■ Provided data
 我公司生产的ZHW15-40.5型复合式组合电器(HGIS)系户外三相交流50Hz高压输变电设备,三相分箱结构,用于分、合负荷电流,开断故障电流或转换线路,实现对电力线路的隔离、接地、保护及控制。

==

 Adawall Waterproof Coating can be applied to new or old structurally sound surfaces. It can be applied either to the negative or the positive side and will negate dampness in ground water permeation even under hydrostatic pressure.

...

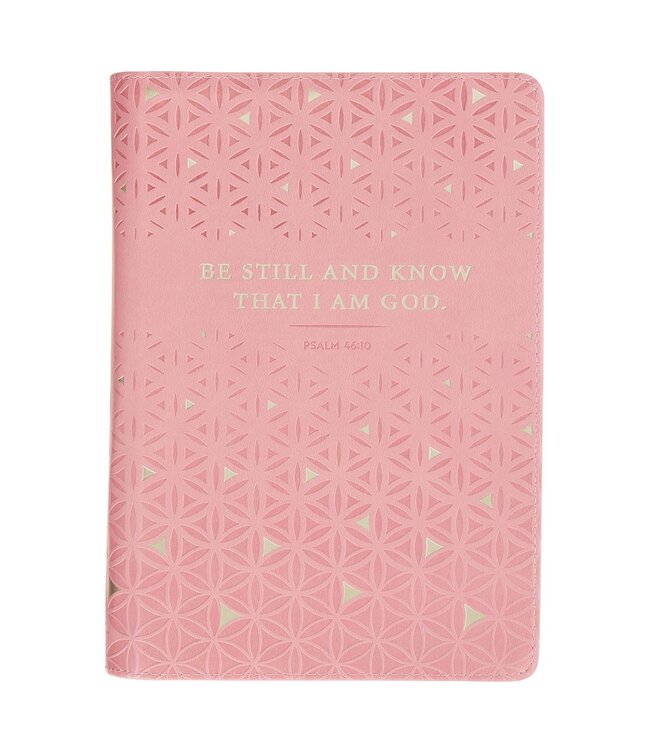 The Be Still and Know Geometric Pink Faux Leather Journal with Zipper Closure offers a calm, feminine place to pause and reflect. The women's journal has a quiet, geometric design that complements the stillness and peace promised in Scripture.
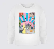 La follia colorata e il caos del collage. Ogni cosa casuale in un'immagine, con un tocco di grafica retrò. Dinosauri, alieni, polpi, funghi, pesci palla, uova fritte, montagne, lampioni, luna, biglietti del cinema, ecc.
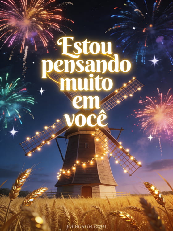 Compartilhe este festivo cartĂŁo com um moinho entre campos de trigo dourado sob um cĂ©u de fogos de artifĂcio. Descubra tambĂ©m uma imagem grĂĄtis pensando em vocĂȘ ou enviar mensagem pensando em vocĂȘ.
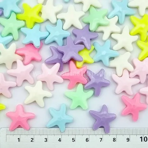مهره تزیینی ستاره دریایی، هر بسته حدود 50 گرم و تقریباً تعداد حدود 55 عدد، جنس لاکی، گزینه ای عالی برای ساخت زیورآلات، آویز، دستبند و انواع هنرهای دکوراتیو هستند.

■ Problem to work on
For this exercise, return exactly the lines above from the line with "La follia colorata" through the line with "مهره تزیینی ستاره", both included. Do not copy the pictures.

■ Solution below
 La follia colorata e il caos del collage. Ogni cosa casuale in un'immagine, con un tocco di grafica retrò. Dinosauri, alieni, polpi, funghi, pesci palla, uova fritte, montagne, lampioni, luna, biglietti del cinema, ecc.
 Compartilhe este festivo cartĂŁo com um moinho entre campos de trigo dourado sob um cĂ©u de fogos de artifĂcio. Descubra tambĂ©m uma imagem grĂĄtis pensando em vocĂȘ ou enviar mensagem pensando em vocĂȘ.
مهره تزیینی ستاره دریایی، هر بسته حدود 50 گرم و تقریباً تعداد حدود 55 عدد، جنس لاکی، گزینه ای عالی برای ساخت زیورآلات، آویز، دستبند و انواع هنرهای دکوراتیو هستند.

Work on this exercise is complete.